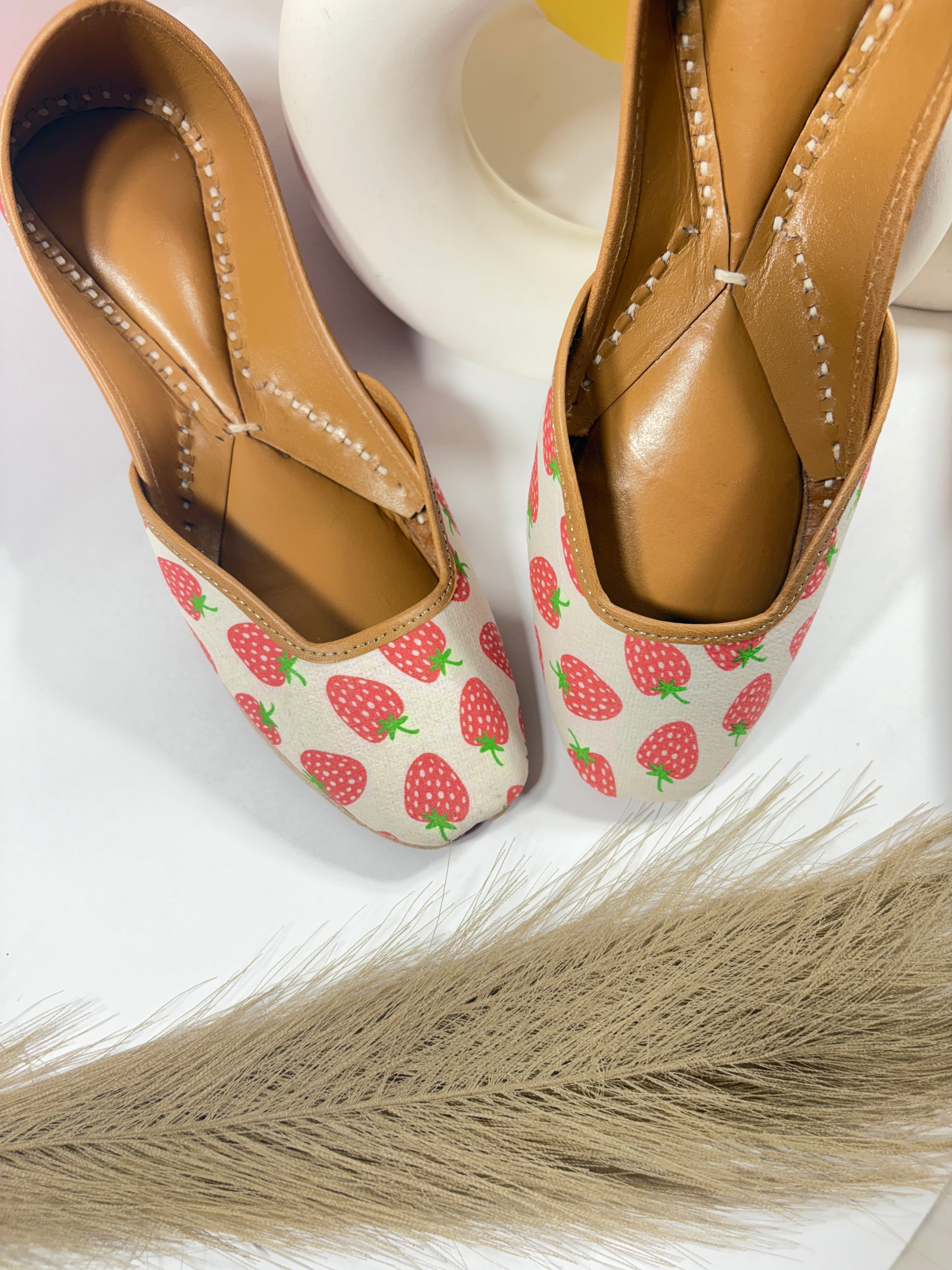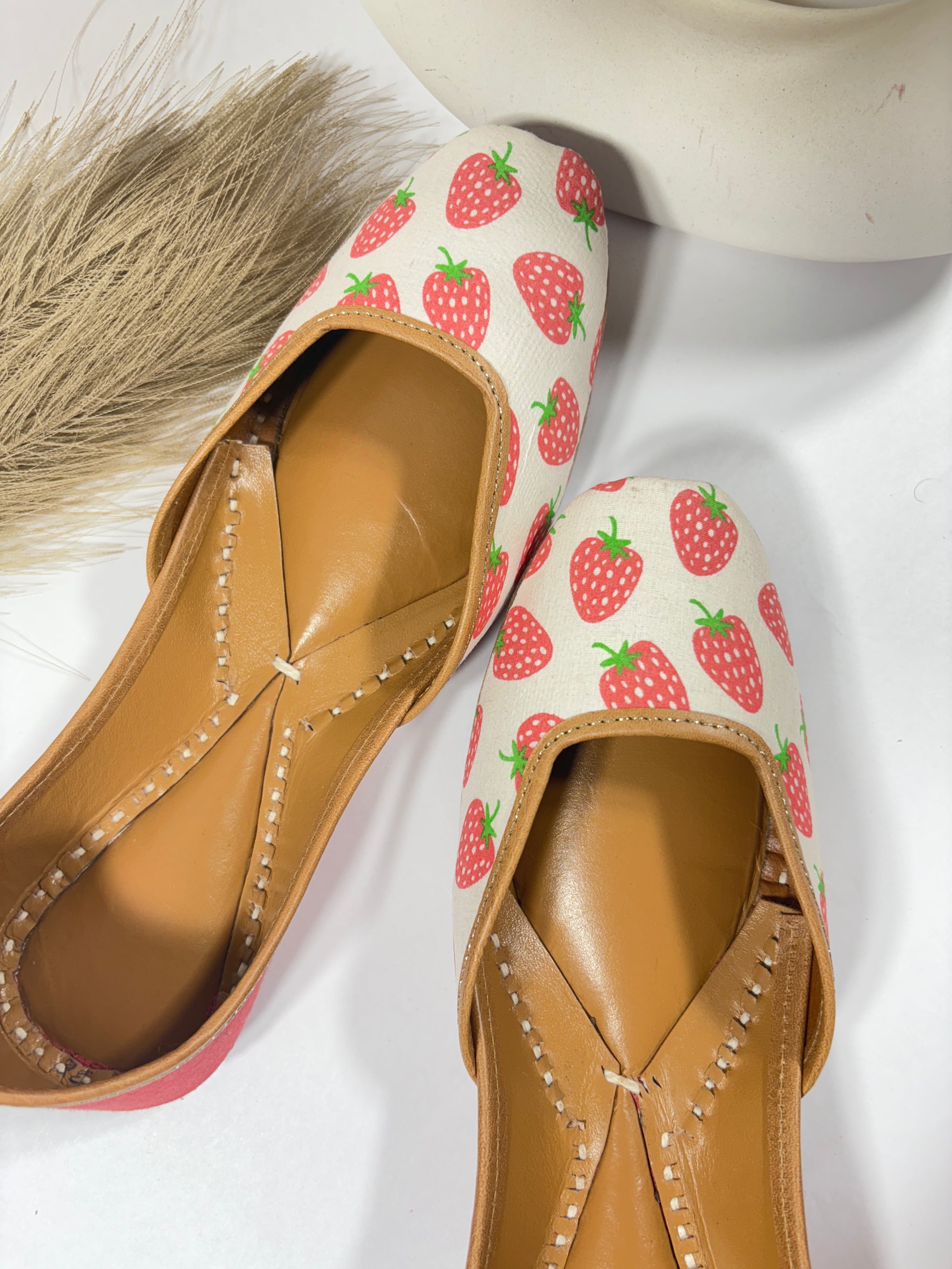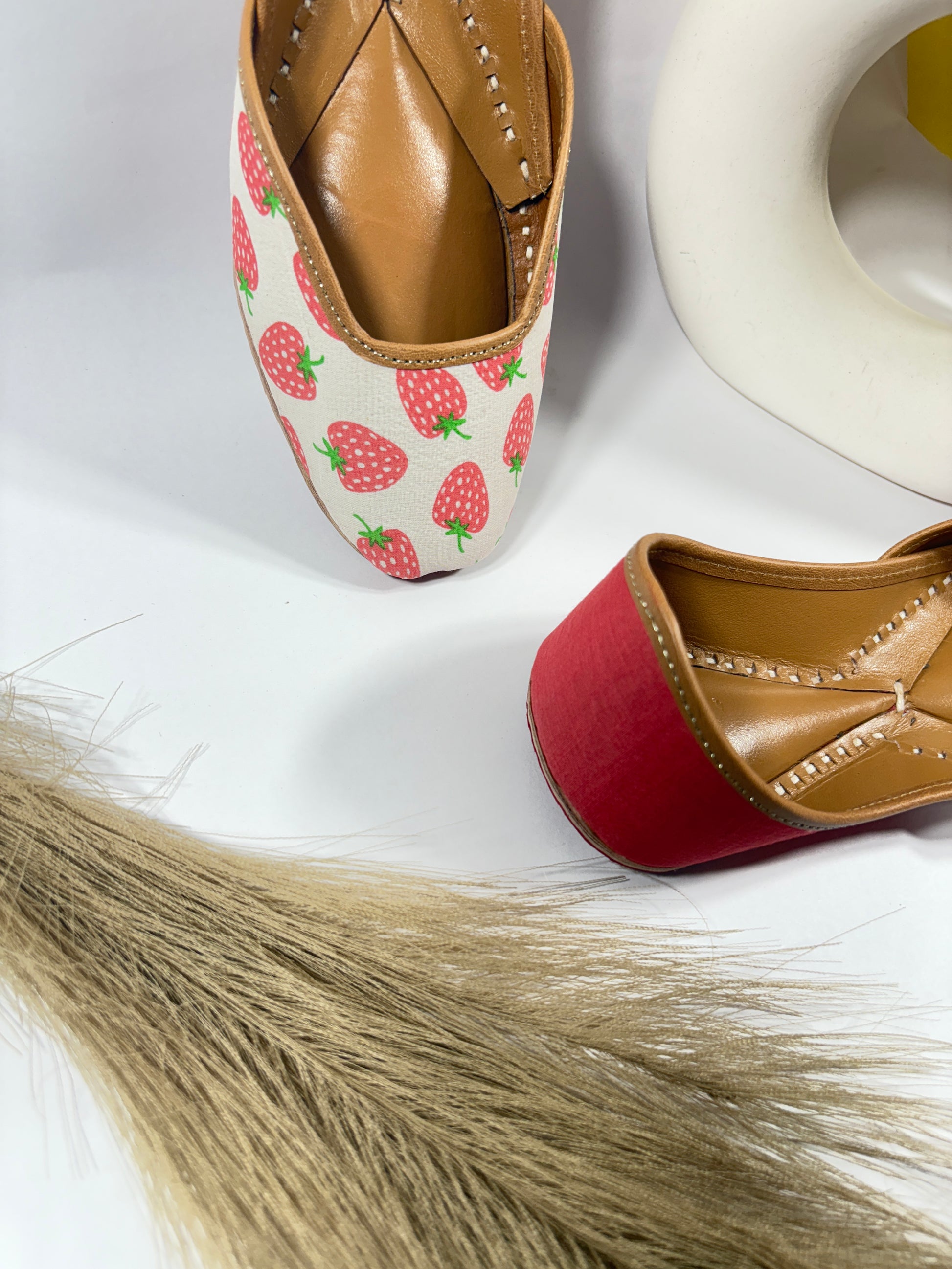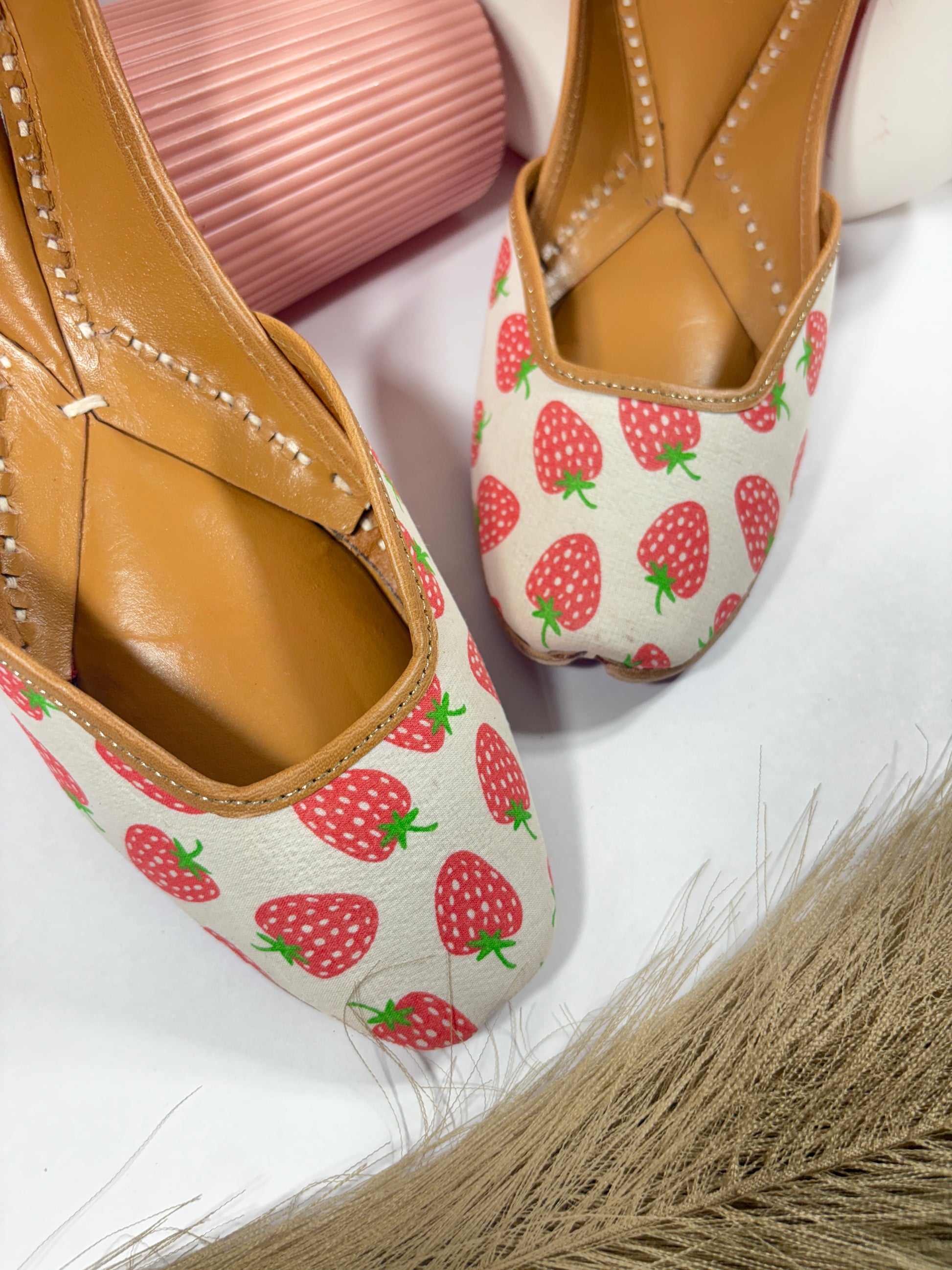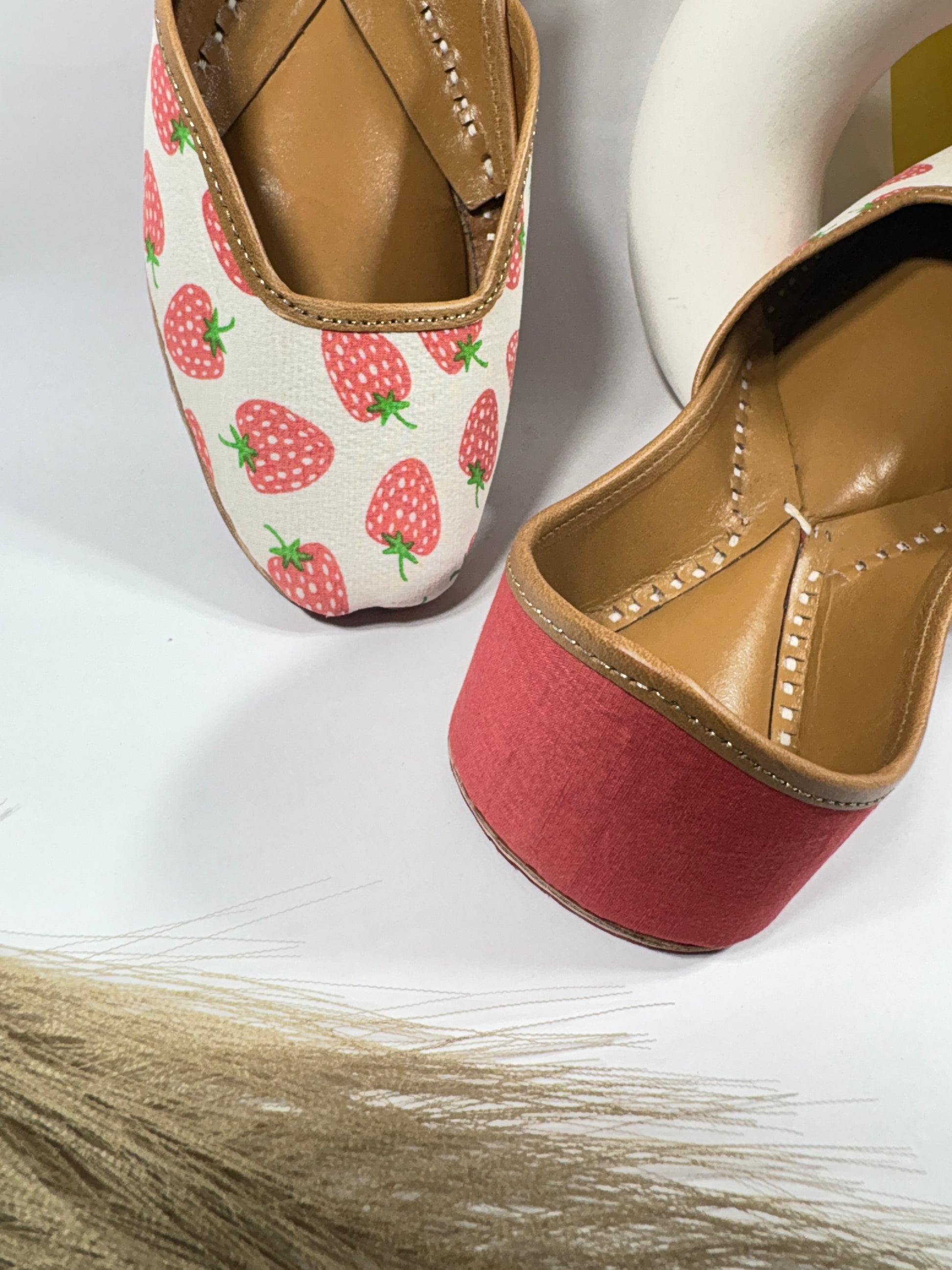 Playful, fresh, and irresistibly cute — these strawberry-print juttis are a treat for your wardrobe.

...

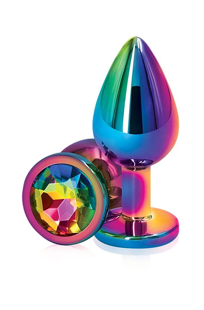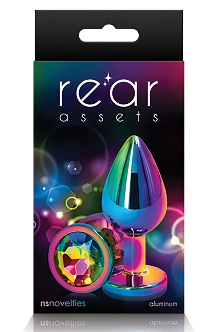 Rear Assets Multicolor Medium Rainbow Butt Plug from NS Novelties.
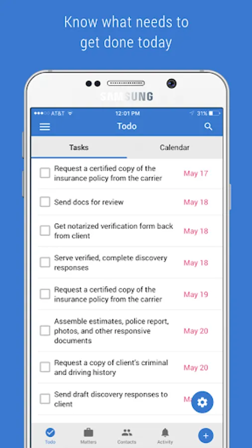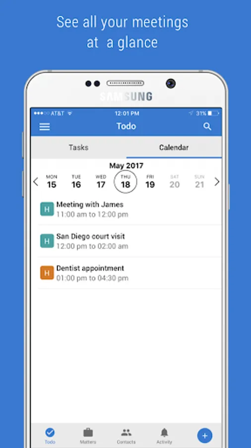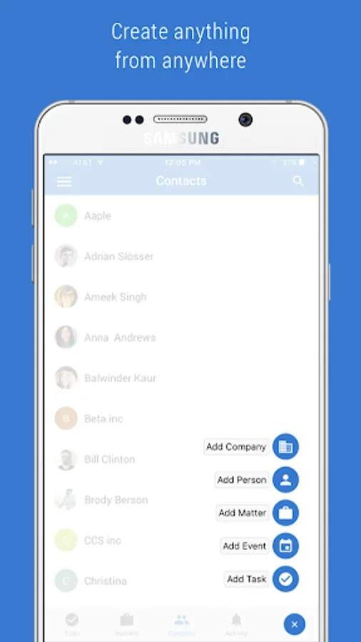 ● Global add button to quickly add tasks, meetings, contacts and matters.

• **ASSIGNMENT**
Look above for the line with "Rear Assets Multicolor" and the line with "contacts and matters.", then copy exactly the lines from the first through the second, both kept, with no pictures.

• **ANSWER TO THIS TASK**
 Rear Assets Multicolor Medium Rainbow Butt Plug from NS Novelties.
 ● Global add button to quickly add tasks, meetings, contacts and matters.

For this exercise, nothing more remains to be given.